Task to carry out
With the pictures omitted, print exactly the lines below, from the one containing "Чернышевский, Н.Г. Дневник." through the one containing "记者继续观察,天桥西南角一侧", and nothing else.

Task inputs START

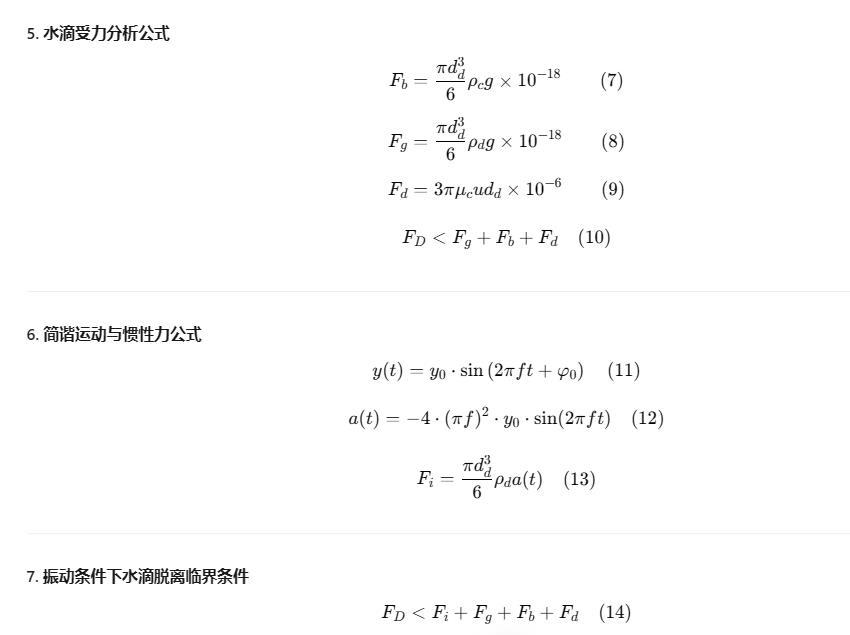 當水滴所受的重力、浮力、曳力之和大于纖維的最大粘附力時,如公式(10)所示,水滴從纖維上脫離。
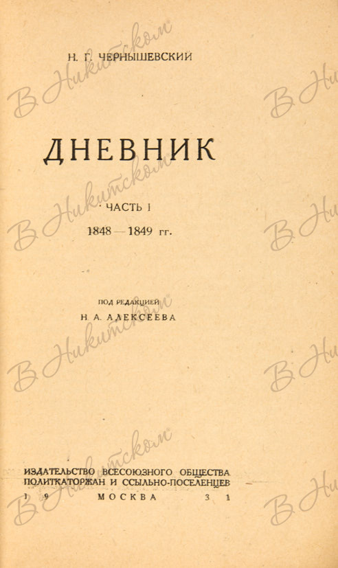 Чернышевский, Н.Г. Дневник. Ч. 1 [единств.] / под ред. Н.А. Алексеева. М.: Изд-во Всесоюзного общества политкаторжан и ссыльно-поселенцев, 1931.
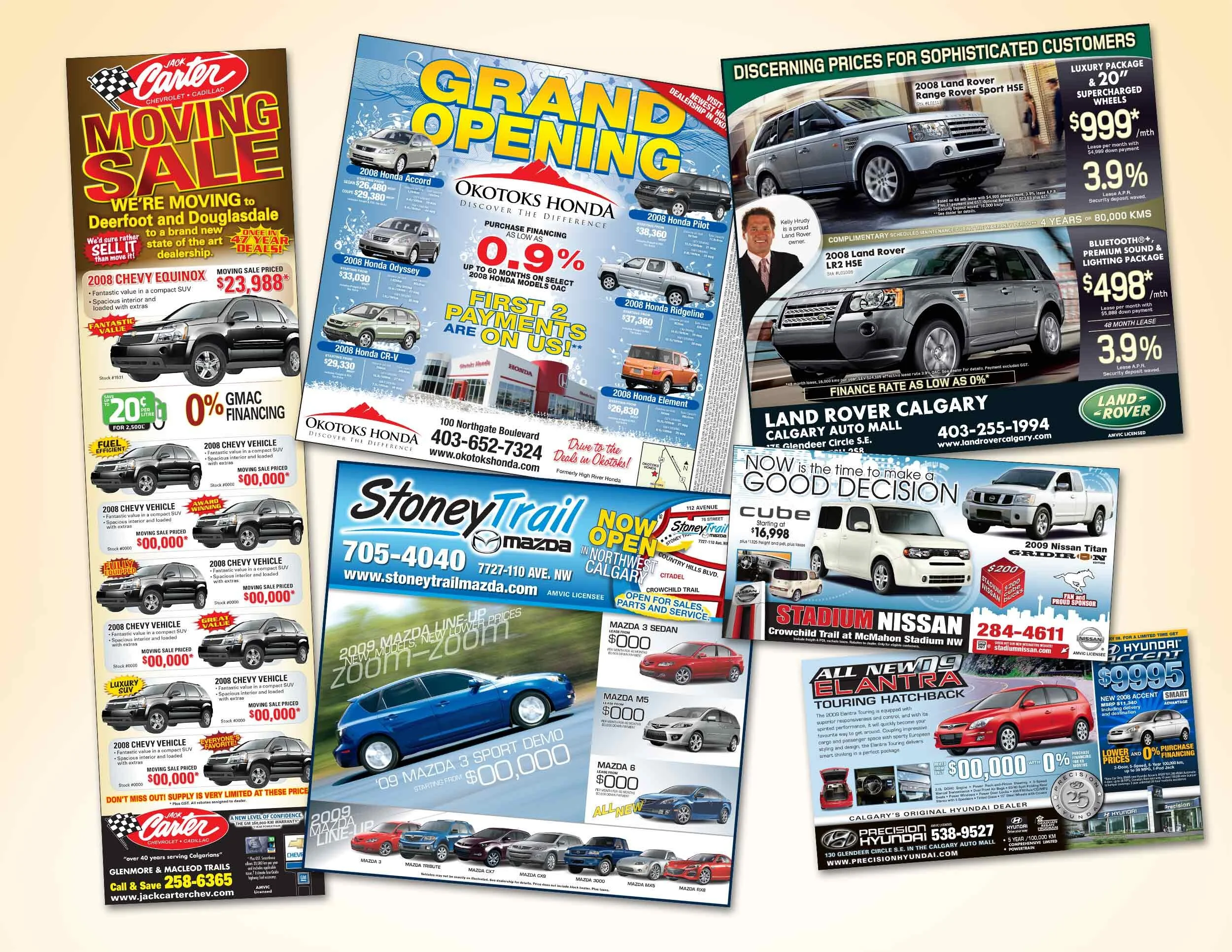 Local car dealerships were a large part of the clientele for the Calgary Herald newspaper. Each dealer would request an ad with specific car models and information. One of the main challenges was to keep the ads looking new and fresh from all the other competing advertisements.
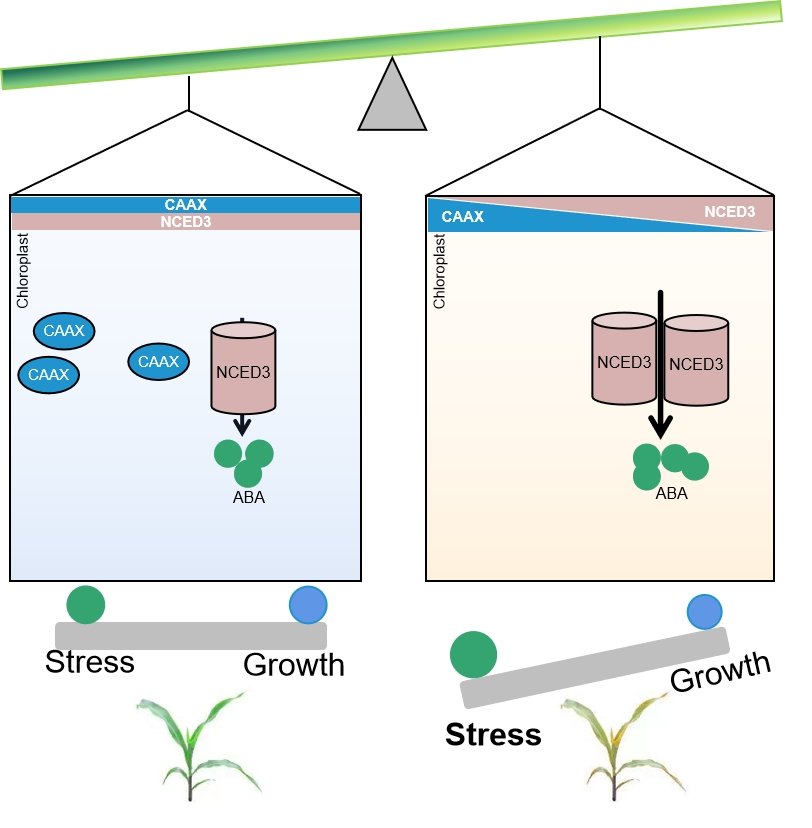 研究团队首先通过精细定位和RNA-seq技术确定了ZmCAAX是叶黄突变体yp1的候选基因。转录组结果显示ZmCAAX突变影响了类胡萝卜素的降解和ABA的生物合成。进一步研究发现ZmCAAX与ABA合成酶ZmNCED3相互作用调并影响其蛋白稳定性,本研究在玉米中首次鉴定到了ZmNCED3的上游调控因子,并解析了ZmCAAX参与调控ZmNCED3降解的分子机制。对叶绿体蛋白降解与环境胁迫之间的关系提供了理论基础。通过基因编辑ZmCAAX基因或选择ZmCAAX的自然变异等位基因,可以显著提高植物的抗旱能力和总类胡萝卜素含量。为玉米在干旱胁迫下实现资源优化分配提供了新思路。通过靶向调控ZmCAAX的表达,有望在籽粒营养品质提升与抗旱育种之间实现精准平衡,助力培育兼具高产、耐旱与营养品质优良的玉米新品种。
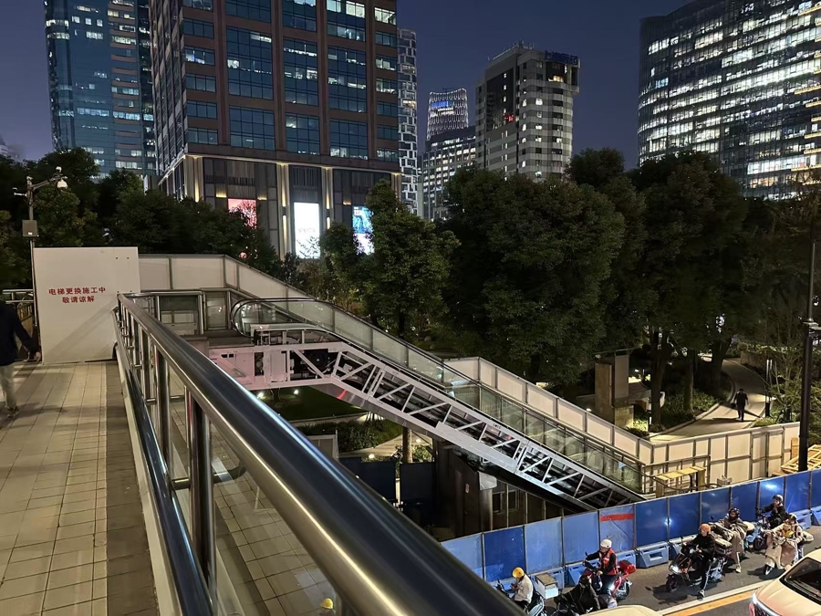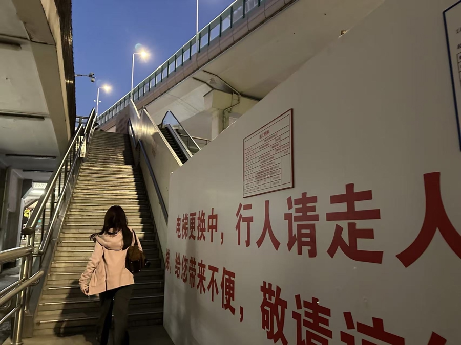 记者继续观察,天桥西南角一侧的自动扶梯被围挡起来,无法使用;天桥东南侧有两部自动扶梯,也都处于停运状态,一旁公告牌上写有“电梯更换施工中敬请谅解”字样。其中,一部扶梯出入口都被封闭,行人只能依靠旁侧的楼梯上下天桥;另一部更是完全“趴窝”,甚至还露出侧面的零部件。仅天桥西北侧的一处自动扶梯还在“正常服役”中。
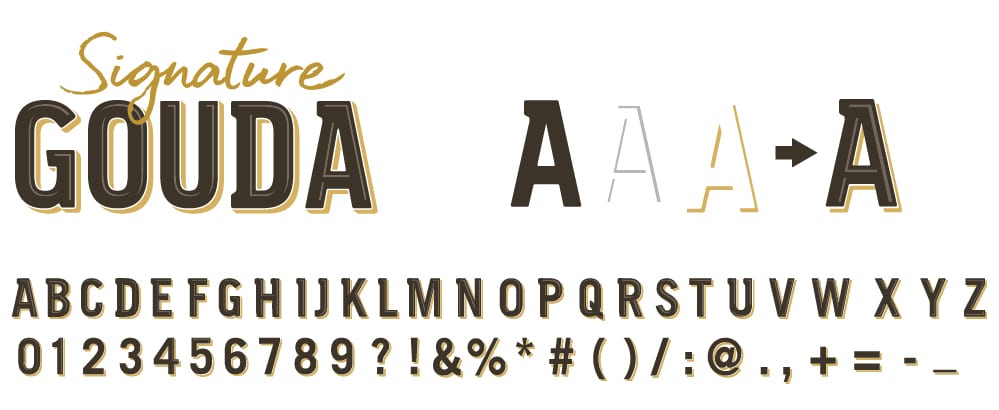 Een bestaand lettertype is aangepast aan het logodesign. In dit voorbeeld is hier een zogenaamd ‘layerd-font’ van gemaakt met de binnenschaduw en buitenschaduw. Op deze manier kunnen met het ontworpen font alle tekst- en kleurcombinaties worden gebruikt in de diverse designtoepassingen.
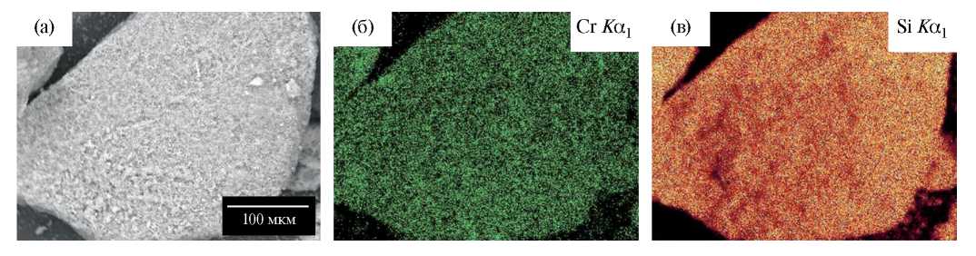 Рис. 4. Электронная микрофотография (а), карты по элементам для образца 5Cr/SiO2_cyclohexane (б, в).

Task inputs END

Result
 Чернышевский, Н.Г. Дневник. Ч. 1 [единств.] / под ред. Н.А. Алексеева. М.: Изд-во Всесоюзного общества политкаторжан и ссыльно-поселенцев, 1931.
 Local car dealerships were a large part of the clientele for the Calgary Herald newspaper. Each dealer would request an ad with specific car models and information. One of the main challenges was to keep the ads looking new and fresh from all the other competing advertisements.
 研究团队首先通过精细定位和RNA-seq技术确定了ZmCAAX是叶黄突变体yp1的候选基因。转录组结果显示ZmCAAX突变影响了类胡萝卜素的降解和ABA的生物合成。进一步研究发现ZmCAAX与ABA合成酶ZmNCED3相互作用调并影响其蛋白稳定性,本研究在玉米中首次鉴定到了ZmNCED3的上游调控因子,并解析了ZmCAAX参与调控ZmNCED3降解的分子机制。对叶绿体蛋白降解与环境胁迫之间的关系提供了理论基础。通过基因编辑ZmCAAX基因或选择ZmCAAX的自然变异等位基因,可以显著提高植物的抗旱能力和总类胡萝卜素含量。为玉米在干旱胁迫下实现资源优化分配提供了新思路。通过靶向调控ZmCAAX的表达,有望在籽粒营养品质提升与抗旱育种之间实现精准平衡,助力培育兼具高产、耐旱与营养品质优良的玉米新品种。
 记者继续观察,天桥西南角一侧的自动扶梯被围挡起来,无法使用;天桥东南侧有两部自动扶梯,也都处于停运状态,一旁公告牌上写有“电梯更换施工中敬请谅解”字样。其中,一部扶梯出入口都被封闭,行人只能依靠旁侧的楼梯上下天桥;另一部更是完全“趴窝”,甚至还露出侧面的零部件。仅天桥西北侧的一处自动扶梯还在“正常服役”中。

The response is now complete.